24. The next point taken, which is really allied to it, is the suggestion that Messrs Kumar and Afras are unclear as to what the legal basis of the claim brought by Corinth against the bank is. But the matter is pleaded in extenso. Indeed, even the points of claim were annexed to the points of defence. The matter was dealt with in some considerable detail in both written and oral argument. In the event I was unable to ascertain precisely what it was that was said to be needed in order to put Mr Kumar and Afras on notice of what the nature of the claim against the bank had been.
25. There was a fringe point about illegality, namely that contribution was not open when there had been a breach of Article 56 of the Law of Obligations. That I detect as having disappeared in the course of the argument.
26. There was also much debate about whether in the skeleton argument produced by the Claimant bank for the purposes of the trial, there was a large range of additional allegations which had never been pleaded. I am afraid I am not persuaded that there are. I reiterate that if a point has not been pleaded which should have been pleaded, then it will not receive the attention of the court absent a successful application to amend. That said I detected no material gaps in the way in which the case had been pleaded or any gaps in the way in which Mr Kumar and Afras had been put on notice as to what the claim was.
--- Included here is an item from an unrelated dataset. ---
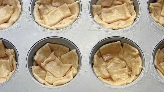Step4Melt 2 tablespoons butter. Add 20 mini squares crescent dough to bottom and halfway up side of each muffin cup; brush butter on each square as an adhesive.

27. The suggestion that this was the opportunity to allow the Defendants, Mr Kumar and Afras, to go and seek additional documents, in my judgment, is almost laughable. There has been extensive disclosure, including disclosure requested by all parties. Mr Kumar had the difficulty that he had, as I understand it, arranged for the destruction of all his electronic communications, so his disclosure has been rather limited. Nobody has been able to point to any class of document, let alone a specific document, which has not been produced and which should be produced and even if there were such items, that is something that should have been raised a very long time ago.
28. Equally absurd, in my judgment, is the suggestion that the opportunity is needed to take stock as what other witnesses to call. The only person that is even indicated as a potential witness is the Chief Accountant of Afras, Mr Shah, but he has been in the mix for a long time. I have no doubt consideration was given some time ago as to whether a statement should be obtained from him and if so, whether he should be asked to give evidence. There is absolutely no justification for allowing for a review of that decision at this late stage.
29. One other point I should add. I am not persuaded that there is any injustice in allowing Barclays to pursue their case that the commission payments which are the subject of proceedings in the Dubai courts are bogus claims, based upon bogus documents. Again, that is something which has been very much in play so far as Mr Kumar is concerned, as his statement reveals. It was a topic he was going to have to deal with if the trial had taken place in its entirety. He cannot possibly be prejudiced that it is a point which is effectively picked up by Barclays, who would otherwise of course resist payment of part of the claim on the basis that commissions were due.
30. For all those reasons, I allow the application to amend. I refuse the application to strike out. I refuse the application to adjourn. We shall have to take stock as to how this trial should now proceed.